_SUPPLIED RECORDS:_

◆ ◆ ◆ ◆

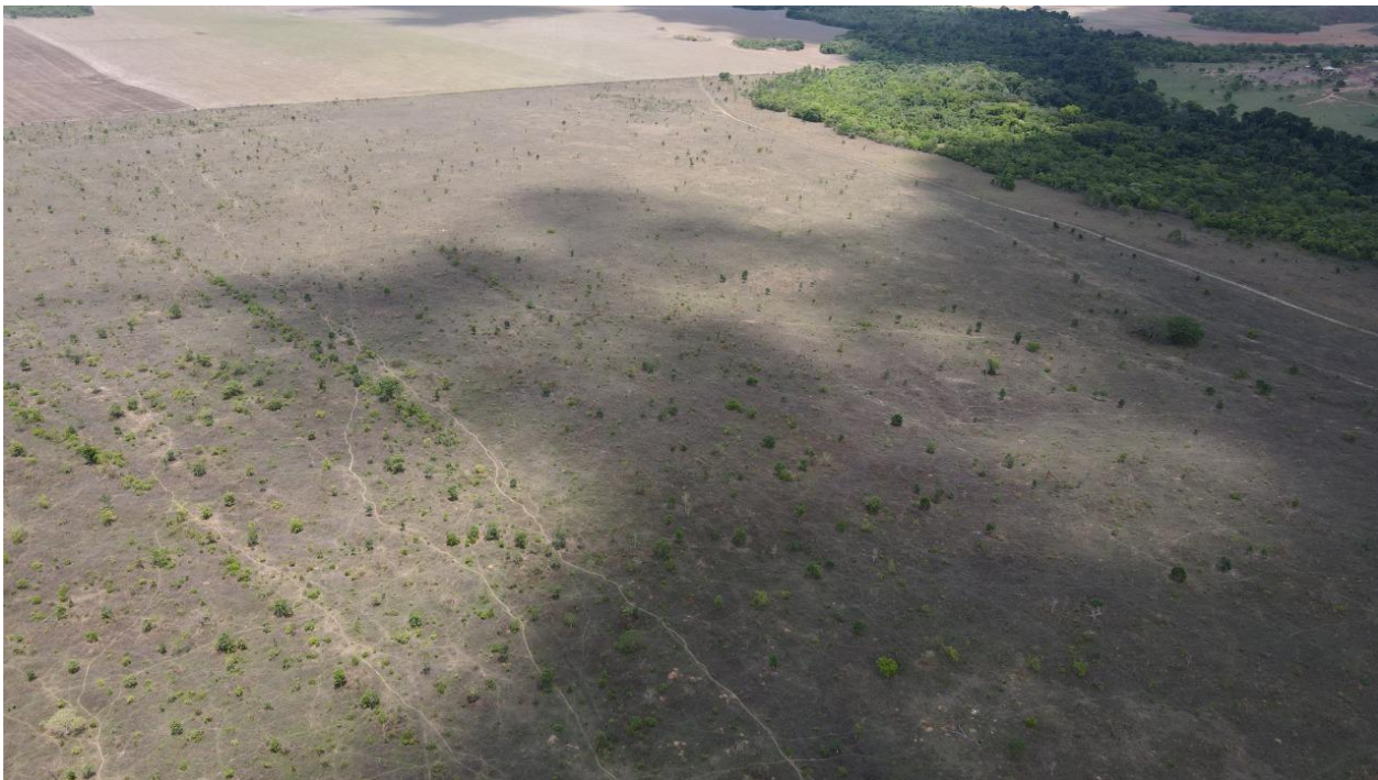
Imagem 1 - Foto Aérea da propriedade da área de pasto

◆ ◆ ◆ ◆

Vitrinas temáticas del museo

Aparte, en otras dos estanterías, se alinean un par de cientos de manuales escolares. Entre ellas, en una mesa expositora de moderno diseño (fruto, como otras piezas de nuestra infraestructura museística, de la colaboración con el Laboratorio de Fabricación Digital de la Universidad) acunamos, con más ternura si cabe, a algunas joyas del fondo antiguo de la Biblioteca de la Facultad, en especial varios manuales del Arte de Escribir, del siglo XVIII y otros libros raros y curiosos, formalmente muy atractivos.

◆ ◆ ◆ ◆

Going back over the entries above, copy word for word every line from the one that has "Vitrinas temáticas del museo" on through the one that has "Aparte, en otras".

Vitrinas temáticas del museo

Aparte, en otras dos estanterías, se alinean un par de cientos de manuales escolares. Entre ellas, en una mesa expositora de moderno diseño (fruto, como otras piezas de nuestra infraestructura museística, de la colaboración con el Laboratorio de Fabricación Digital de la Universidad) acunamos, con más ternura si cabe, a algunas joyas del fondo antiguo de la Biblioteca de la Facultad, en especial varios manuales del Arte de Escribir, del siglo XVIII y otros libros raros y curiosos, formalmente muy atractivos.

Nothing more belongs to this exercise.